Exercise prompt: Only the lines below from the one containing "- Crear un bat" through the one containing "وفي القنيطرة، عبر" belong in the answer, repeated exactly and without pictures.

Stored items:

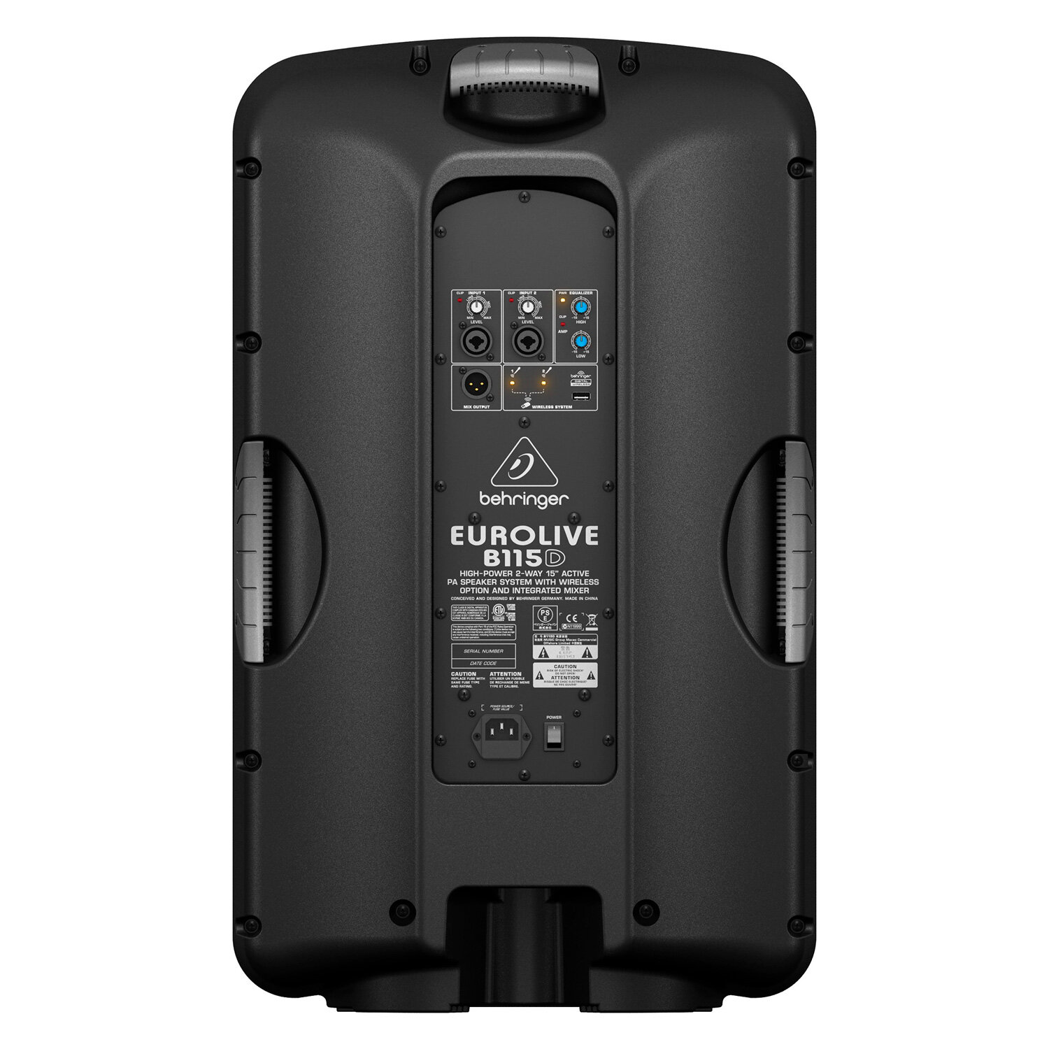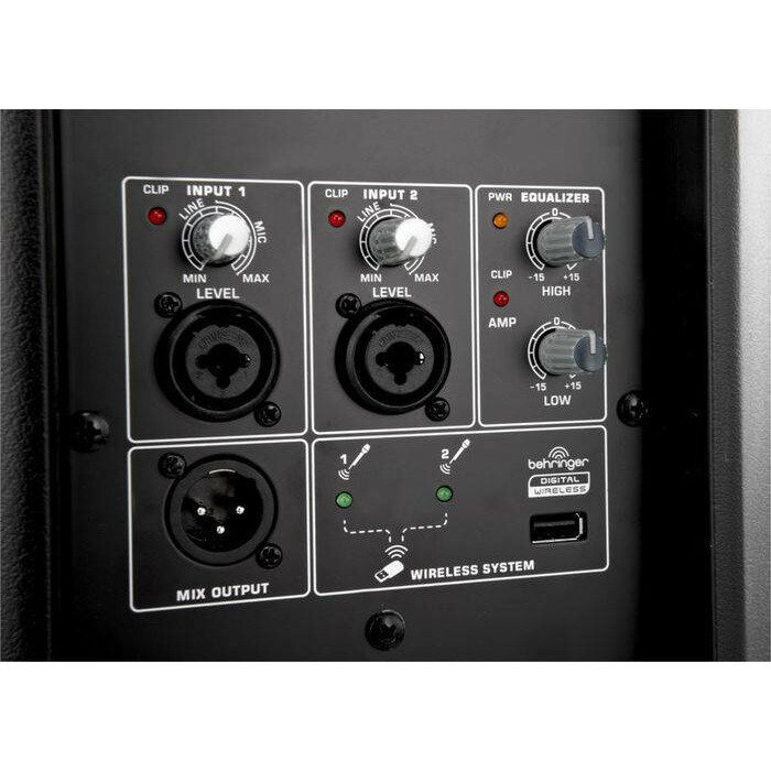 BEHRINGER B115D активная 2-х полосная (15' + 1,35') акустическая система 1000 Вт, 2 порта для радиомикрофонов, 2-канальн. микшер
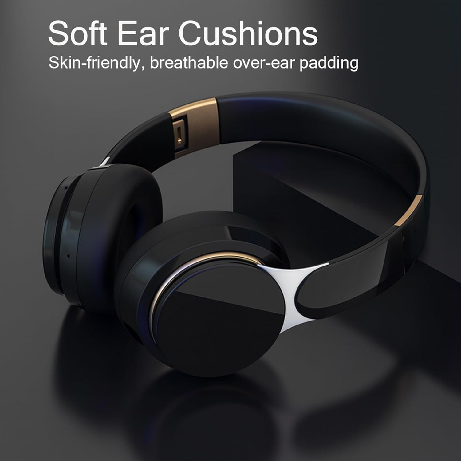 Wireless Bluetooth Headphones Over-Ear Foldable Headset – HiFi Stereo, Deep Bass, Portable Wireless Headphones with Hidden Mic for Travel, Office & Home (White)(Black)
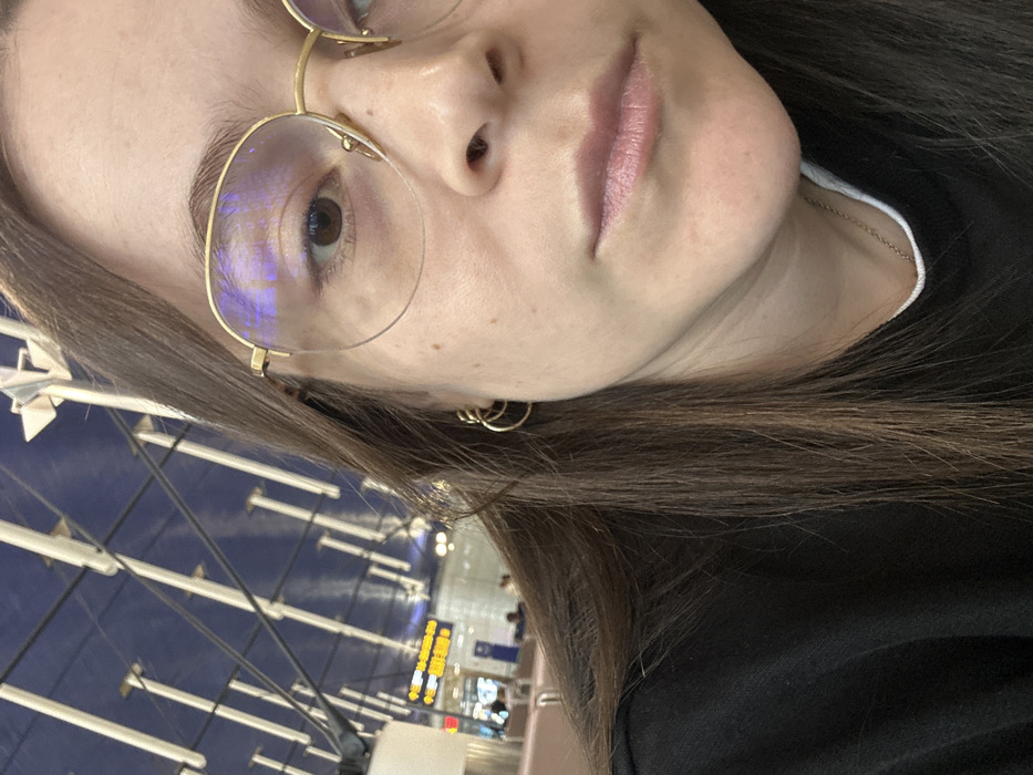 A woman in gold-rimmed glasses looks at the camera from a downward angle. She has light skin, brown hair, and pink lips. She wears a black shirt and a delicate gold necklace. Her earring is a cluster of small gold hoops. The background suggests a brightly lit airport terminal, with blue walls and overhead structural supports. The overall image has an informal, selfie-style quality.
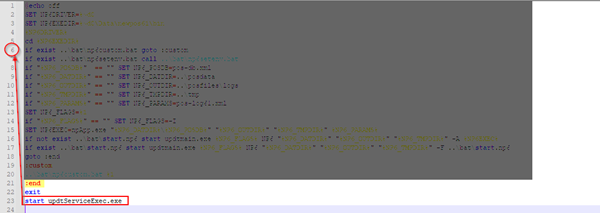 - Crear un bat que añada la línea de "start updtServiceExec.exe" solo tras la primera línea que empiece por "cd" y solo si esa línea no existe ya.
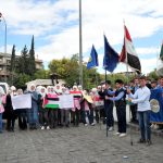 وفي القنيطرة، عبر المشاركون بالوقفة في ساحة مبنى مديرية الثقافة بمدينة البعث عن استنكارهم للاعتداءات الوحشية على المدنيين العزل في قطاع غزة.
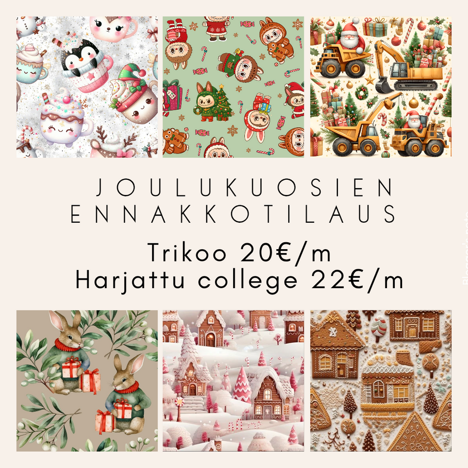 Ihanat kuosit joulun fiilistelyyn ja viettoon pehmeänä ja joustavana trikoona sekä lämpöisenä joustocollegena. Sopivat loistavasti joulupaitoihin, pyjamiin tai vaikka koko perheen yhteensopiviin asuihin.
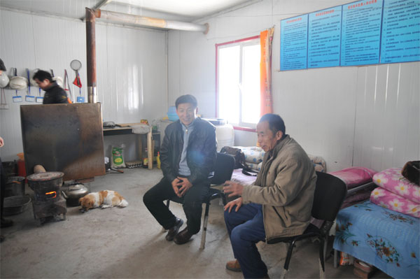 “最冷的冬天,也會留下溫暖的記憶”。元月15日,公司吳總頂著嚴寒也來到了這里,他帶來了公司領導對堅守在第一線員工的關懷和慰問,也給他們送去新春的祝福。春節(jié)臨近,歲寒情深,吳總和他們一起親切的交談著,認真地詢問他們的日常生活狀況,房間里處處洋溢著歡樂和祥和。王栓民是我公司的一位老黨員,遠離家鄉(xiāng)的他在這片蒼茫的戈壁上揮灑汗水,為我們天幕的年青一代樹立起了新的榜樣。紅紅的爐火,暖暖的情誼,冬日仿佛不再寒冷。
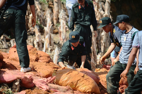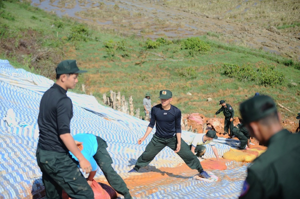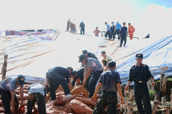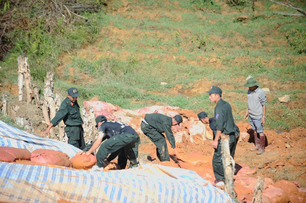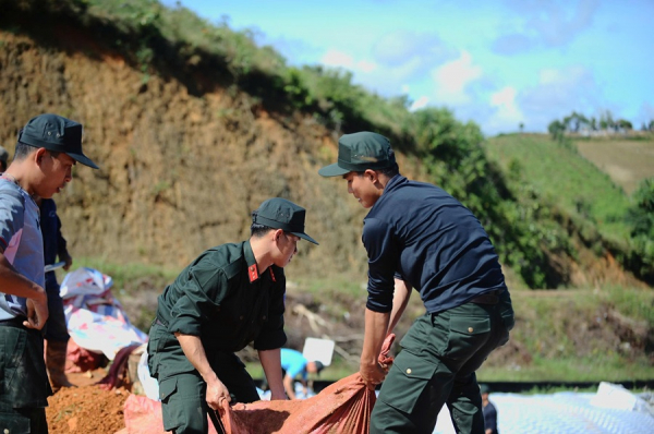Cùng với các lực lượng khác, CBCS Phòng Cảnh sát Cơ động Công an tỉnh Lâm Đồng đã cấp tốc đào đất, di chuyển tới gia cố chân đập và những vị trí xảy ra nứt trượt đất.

Written solution:
 - Crear un bat que añada la línea de "start updtServiceExec.exe" solo tras la primera línea que empiece por "cd" y solo si esa línea no existe ya.
 وفي القنيطرة، عبر المشاركون بالوقفة في ساحة مبنى مديرية الثقافة بمدينة البعث عن استنكارهم للاعتداءات الوحشية على المدنيين العزل في قطاع غزة.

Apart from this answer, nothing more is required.